(Extracted data entries)
====

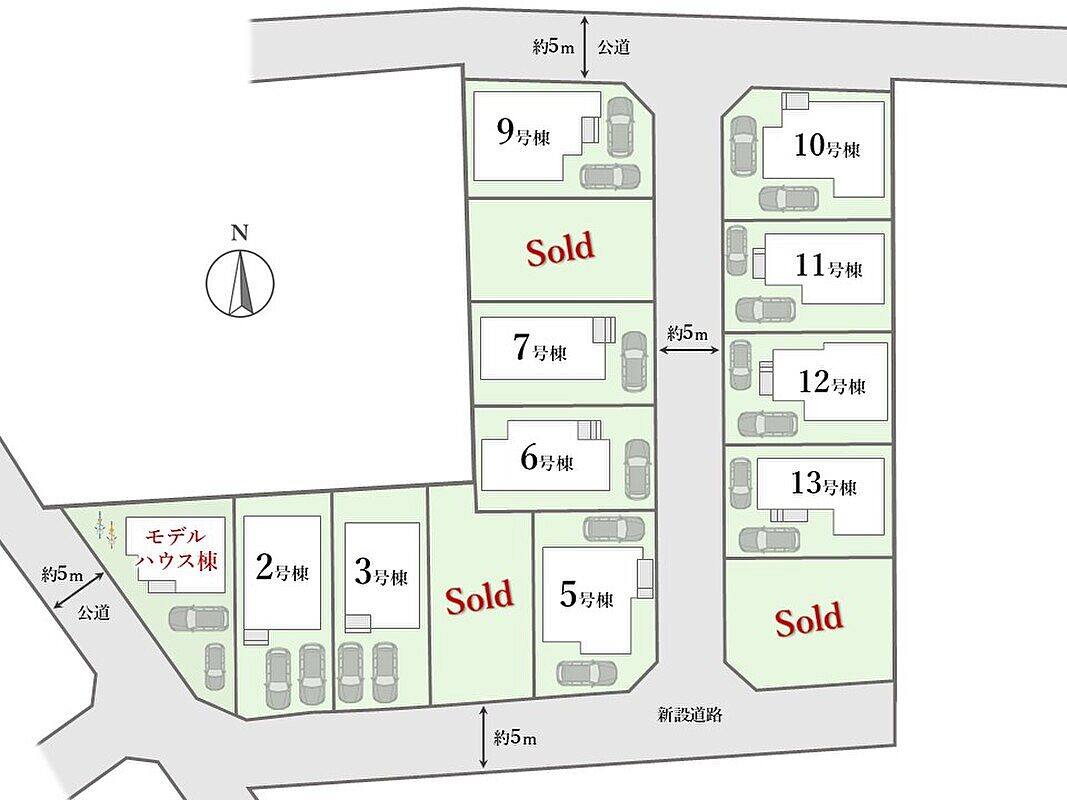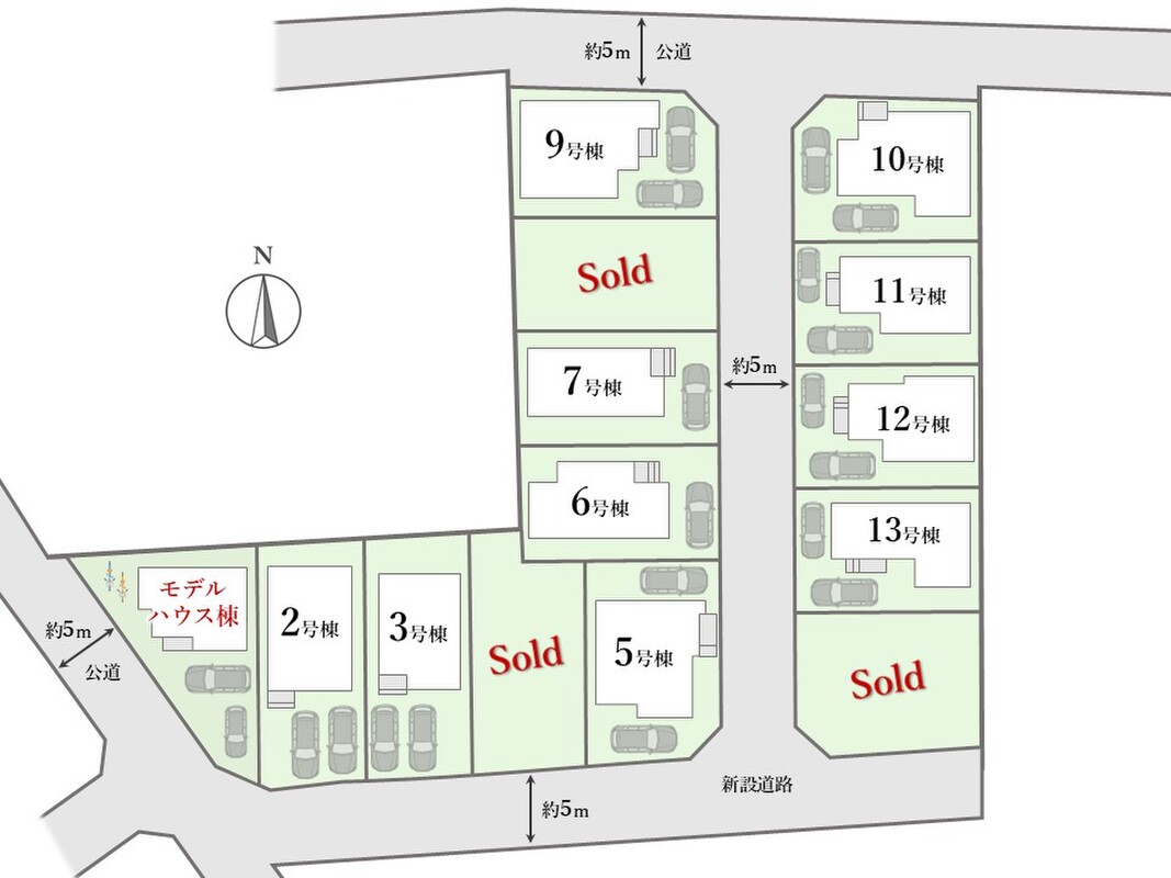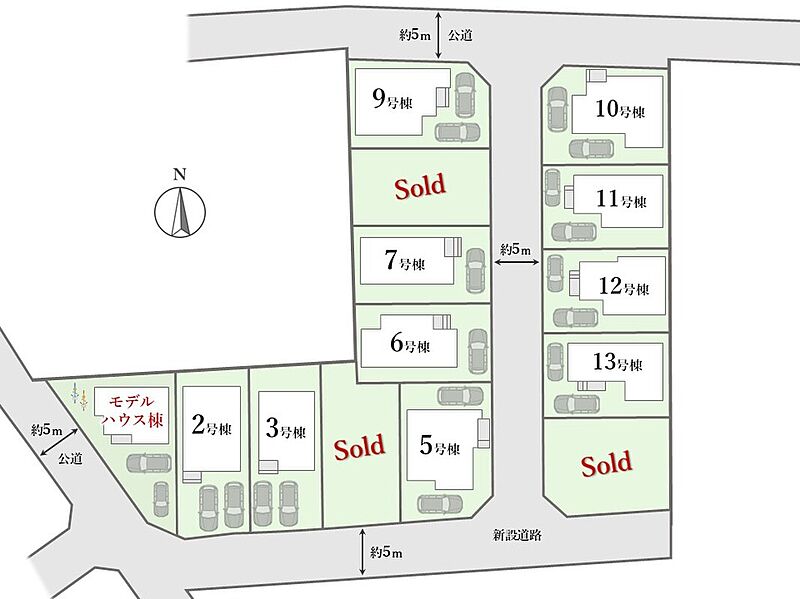 | 駐車場 | 1台 ~ 2台 | 道路の幅員 | 北側:約5m(公道)、西側:約5m(公道)、新設道路内:約5m |
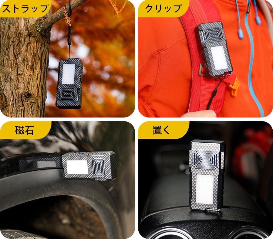 吊るす・マグネット固定・背負う・置くなど自由自在に使え、テント内や車内、釣り場、ベランダまであらゆる場所で「蚊からの解放」を実現します。
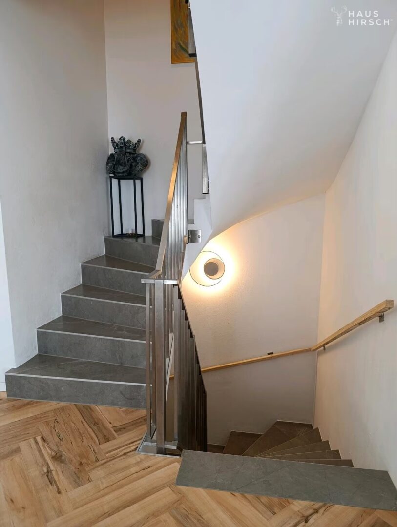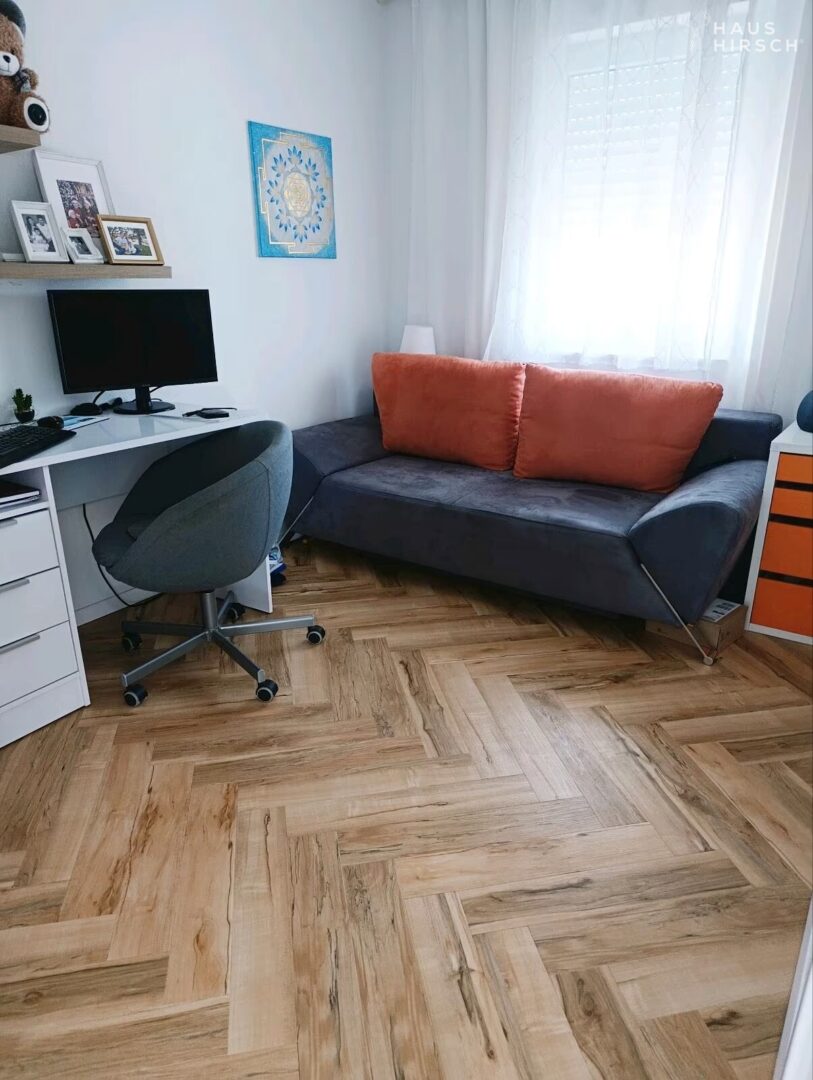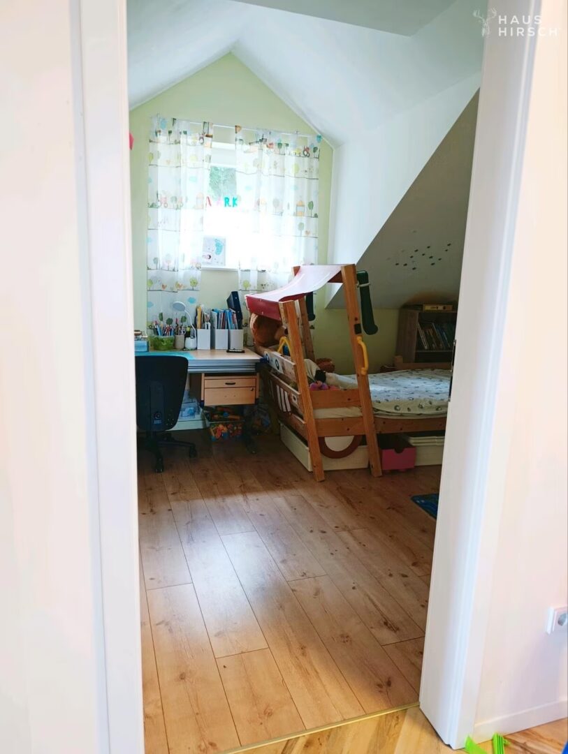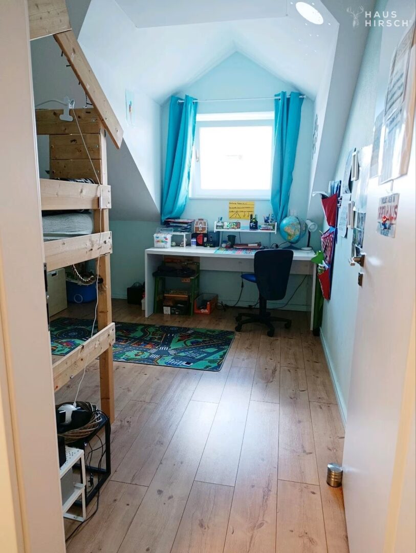 Die praktische Aufteilung über drei Etagen ermöglicht eine flexible Nutzung: Im Erdgeschoss befindet sich das Miet-Apartment mit kompletter Ausstattung, im Obergeschoss ein großes Wohnzimmer mit Dampfkamin und offener Küche, sowie ein Büroraum und Abstellraum. Im Dachgeschoss erwarten Sie drei Schlafzimmer, ein modernes Bad und zusätzlicher Stauraum unter dem Dach.
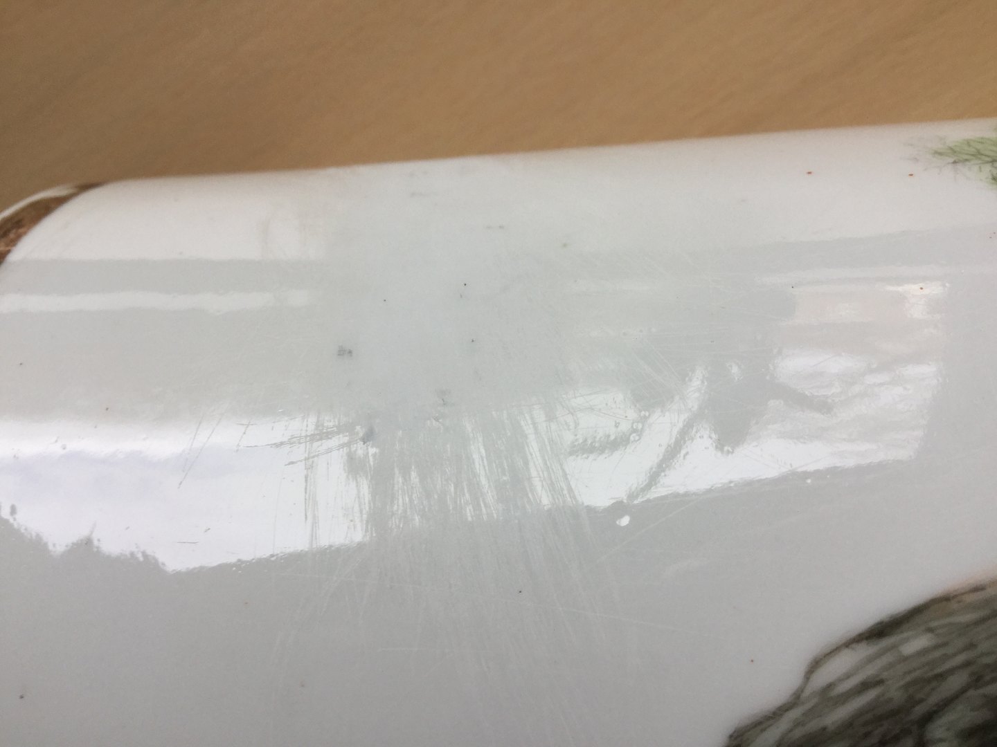 Skriftstegn forsøgt fjernet, derefter ridser (se ekstra foto)
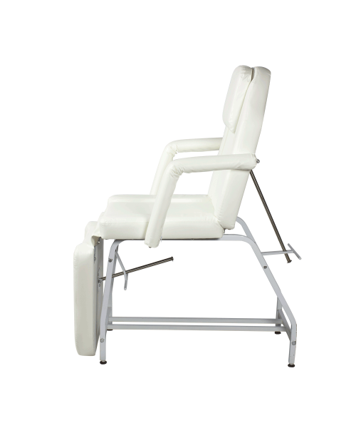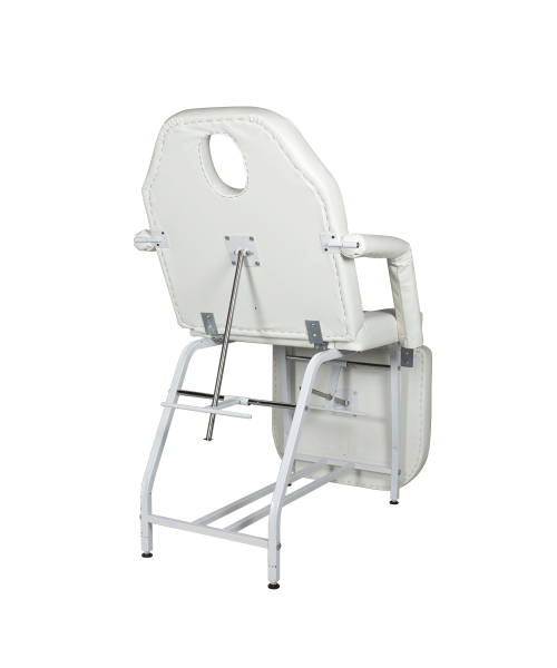 Косметологическое кресло "МД-14" разработано для проведения косметологических и массажных процедур. Оно имеет прочный металлический каркас на устойчивых ножках с подпятниками. С помощью механической регулировки положения спинки и мягкого элемента под ноги кресло раскладывается в горизонтальное положение. На спинке есть отверстие для лица, которое закрывается съемной подушкой-подголовником. Для удобства клиентов данная модель комплектуется парой мягких съемных подлокотников.
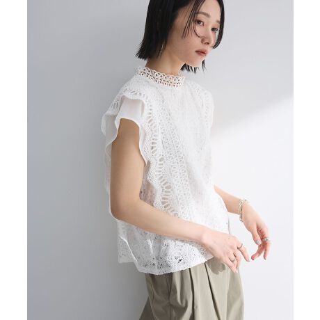 繊細なレース素材で仕立てた女性らしいブラウス。程よく肩が隠れるフレンチスリーブが涼しげで上品な印象を演出します。裏地にはひんやりとした肌触りの良い接触冷感素材を使用。スラックスできれいめスタイルに、デニムを合わせたカジュアルMIXスタイルもおすすめです。透け感[なし]

====

#### What is expected
In the records above, the lines from the one containing "吊るす・マグネット固定・背負" through the last line are to be written out exactly, both ends included and pictures omitted.

#### Answer for this exercise
 吊るす・マグネット固定・背負う・置くなど自由自在に使え、テント内や車内、釣り場、ベランダまであらゆる場所で「蚊からの解放」を実現します。
 Die praktische Aufteilung über drei Etagen ermöglicht eine flexible Nutzung: Im Erdgeschoss befindet sich das Miet-Apartment mit kompletter Ausstattung, im Obergeschoss ein großes Wohnzimmer mit Dampfkamin und offener Küche, sowie ein Büroraum und Abstellraum. Im Dachgeschoss erwarten Sie drei Schlafzimmer, ein modernes Bad und zusätzlicher Stauraum unter dem Dach.
 Skriftstegn forsøgt fjernet, derefter ridser (se ekstra foto)
 Косметологическое кресло "МД-14" разработано для проведения косметологических и массажных процедур. Оно имеет прочный металлический каркас на устойчивых ножках с подпятниками. С помощью механической регулировки положения спинки и мягкого элемента под ноги кресло раскладывается в горизонтальное положение. На спинке есть отверстие для лица, которое закрывается съемной подушкой-подголовником. Для удобства клиентов данная модель комплектуется парой мягких съемных подлокотников.
 繊細なレース素材で仕立てた女性らしいブラウス。程よく肩が隠れるフレンチスリーブが涼しげで上品な印象を演出します。裏地にはひんやりとした肌触りの良い接触冷感素材を使用。スラックスできれいめスタイルに、デニムを合わせたカジュアルMIXスタイルもおすすめです。透け感[なし]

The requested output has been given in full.